WASHINGTON -- Even as Enron Corp. Chairman Kenneth Lay boasted to employees of the company's growth, one of them privately warned him in August of the reckless practices that eventually brought down the energy-trading giant.
"I am incredibly nervous that we will implode in a wave of accounting scandals," the employee told Lay in a letter. A "veil of secrecy" surrounded Enron's partnerships, which were keeping huge amounts of Enron debt off the company's books, she said.
"It sure looks to the layman on the street that we are hiding losses," wrote the employee, who was identified by her Houston attorney as Sherron Watkins, Enron's vice president of corporate development.
She said several senior Enron employees "consistently and constantly" questioned the corporation's accounting methods to senior Enron officials, including Jeffrey Skilling, the chief executive officer. Skilling resigned in August.
In a telephone interview Monday night, Watkins' attorney, Philip Hilder, said Enron responded to the warning letter, but he would provide no details.

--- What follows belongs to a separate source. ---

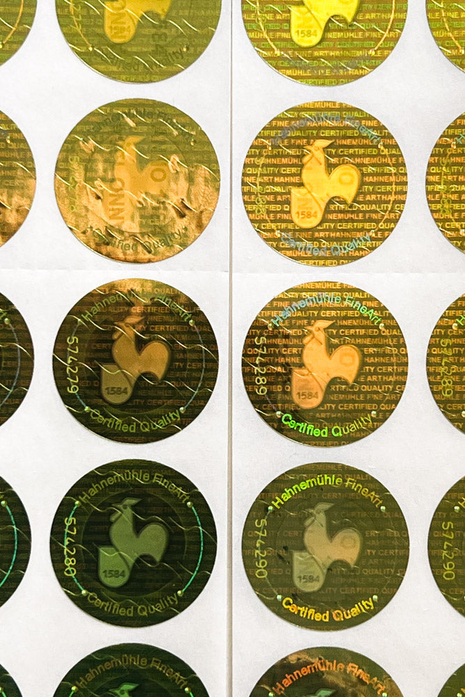 This is achieved by initially preparing a paper based Certificate of Authenticity, detailing the artists name, the year it was produced, the specific paper and inks used, as well as dimensions and if the print is a limited edition, the edition number and size. This certificate is prepared on deckle edged mould made paper that contains a watermark and fluorescent security fibres. A numbered hologram is then attached to the paper.

Reps. Billy Tauzin, R-La., who is chairman of the House Energy and Commerce Committee, and James Greenwood, R-Pa., released excerpts from the letter to Lay on Monday. The two lawmakers demanded from Enron all records relating to a review of the employee's allegations as part of the panel's investigation of Enron.
Around the time of the August letter, Lay was telling the 20,000-strong work force that growth of the Houston-based company "has never been more certain." Two months later, Lay was phoning President Bush's Treasury and Commerce secretaries seeking help for Enron as it careened toward collapse and its stock price slid.
Employees and retirees helplessly watched their life savings dissolve last fall because the company prohibited them from selling the Enron shares that comprised the bulk of their retirement accounts.
The company entered the biggest corporate bankruptcy in U.S. history on Dec. 2, leaving countless investors burned and thousands of employees out of work.
The Justice Department is conducting a criminal investigation of Enron. The Securities and Exchange Commission, which is examining in its civil probe the partnerships cited by Watkins in her letter, also is looking at whether the big banks that lent billions to Enron helped create the complex financial structure that led to its failure, The Wall Street Journal reported Tuesday.